Sackett Hotel was a hotel located on the southwest corner of Prospect Avenue (now Hollywood Boulevard) and Cahuenga Boulevard in what is now Hollywood, California.

==History==

Sackett Hotel, the first hotel in the area that would later be known as Hollywood, was built by Horace David Sackett and Ellen Sackett in 1888, on land bought from Harvey Henderson Wilcox for $2000 . Located on the corner of Prospect Avenue (Hollywood Boulevard today) and Cahuenga Boulevard, the hotel was three stories tall, featured a mansard roof, and was made of wood.

When the hotel opened, its first floor featured a lobby and parlor facing Prospect and a mercantile shop facing Cahuenga, while its second floor featured eighteen rooms and one community bathroom. Pepper trees surrounded and provided shade to the property, and a large corral and barn were built for guests and neighbors behind the building.

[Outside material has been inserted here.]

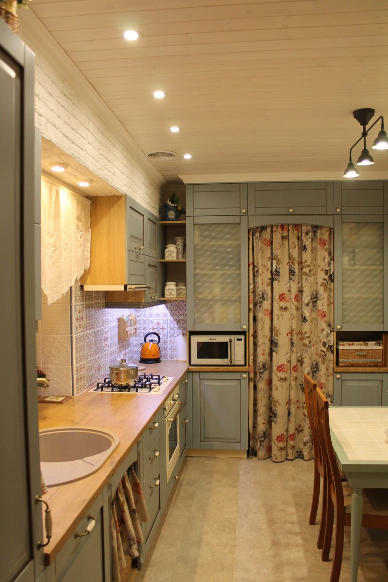 Вечером, при включенном свете, кухня преображается, становясь еще более уютной и теплой.
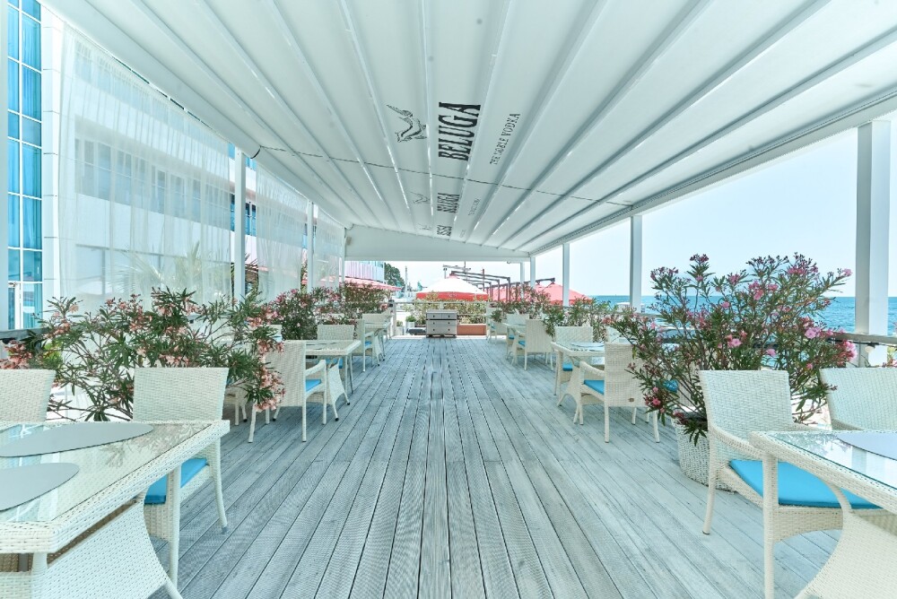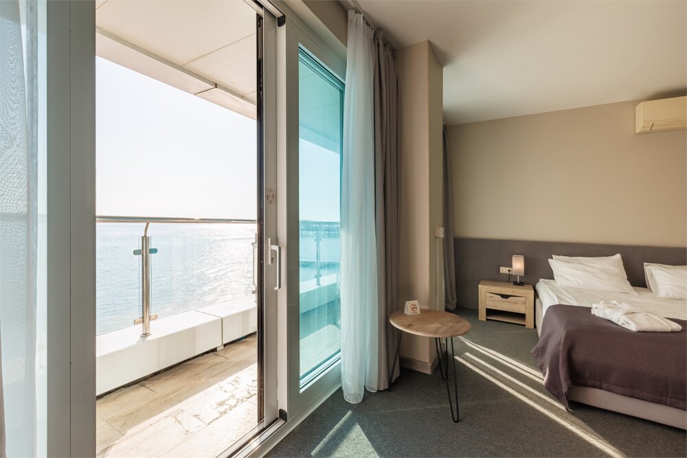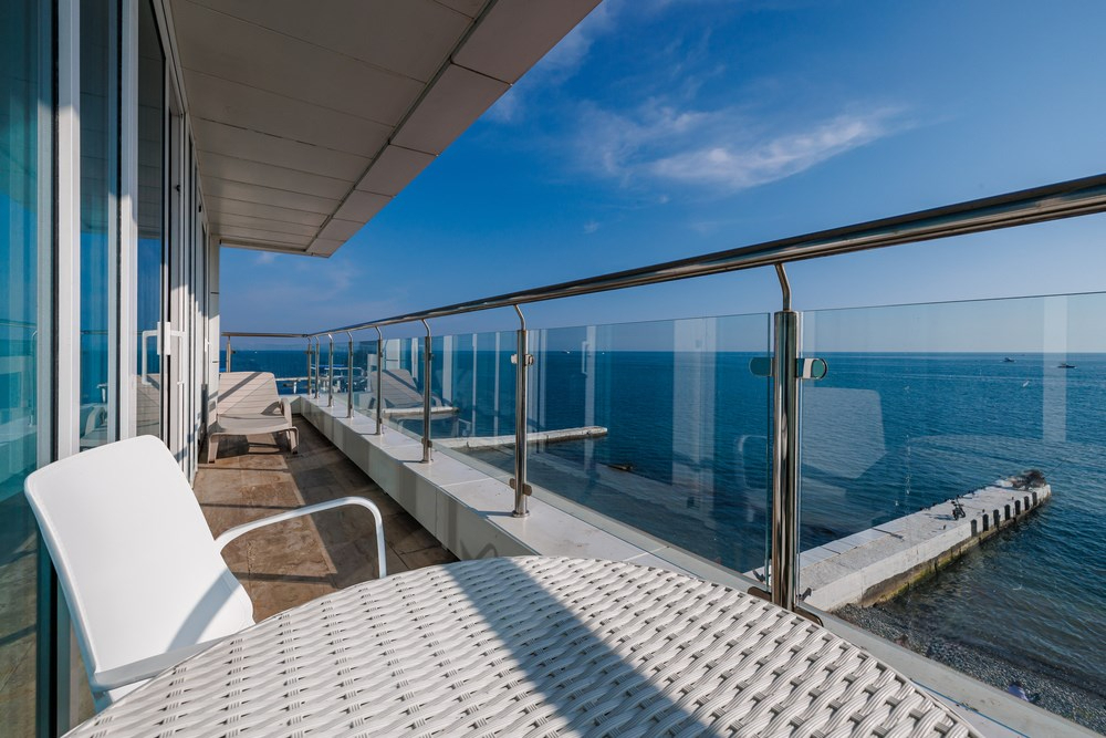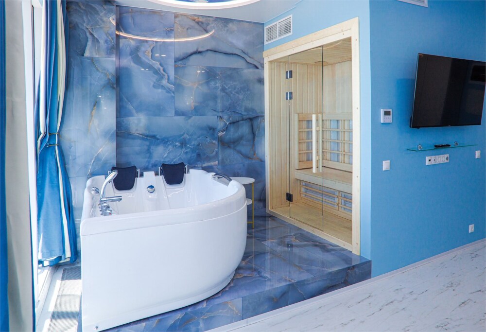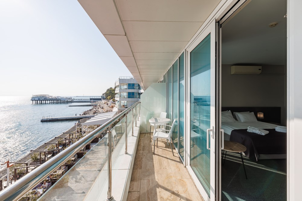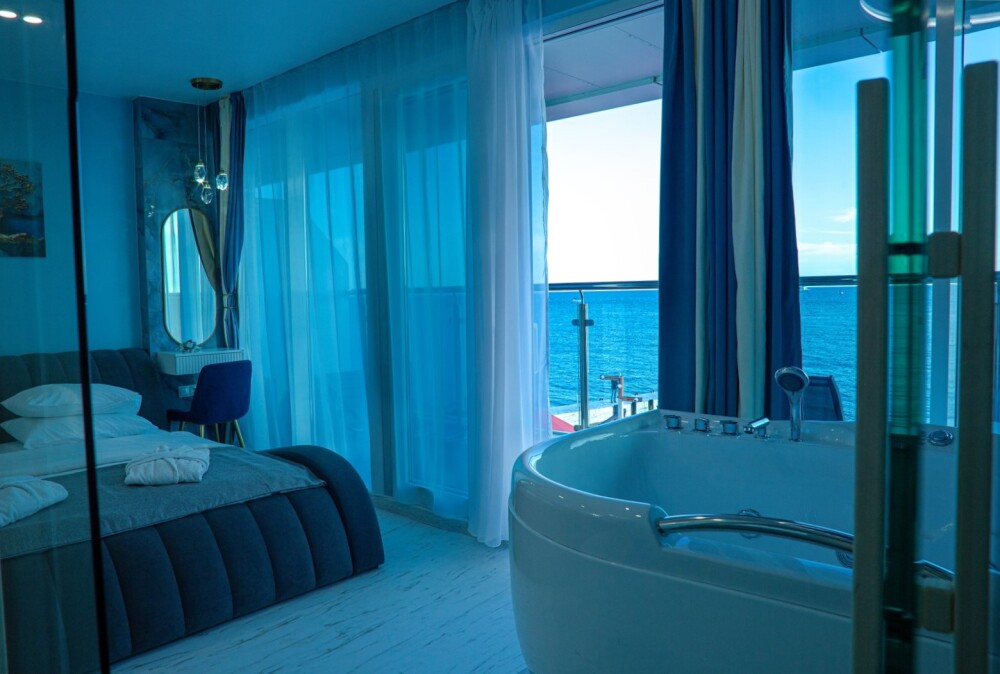 - Просторные номера с видом на море, номера с сауной и джакузи;

In 1891, the building began housing the area's first post office, which was run by the hotel owners' daughter, Mary Sackett.

Sackett Hotel closed in 1905, as it was unable to compete with the nearby Hollywood Hotel. After closure, the building was sold to Henry Gillig and remained unoccupied for five years. Then, in 1910 the building was sold for $28,000 to J.P. Creque, who razed it and built the Creque Building in its place.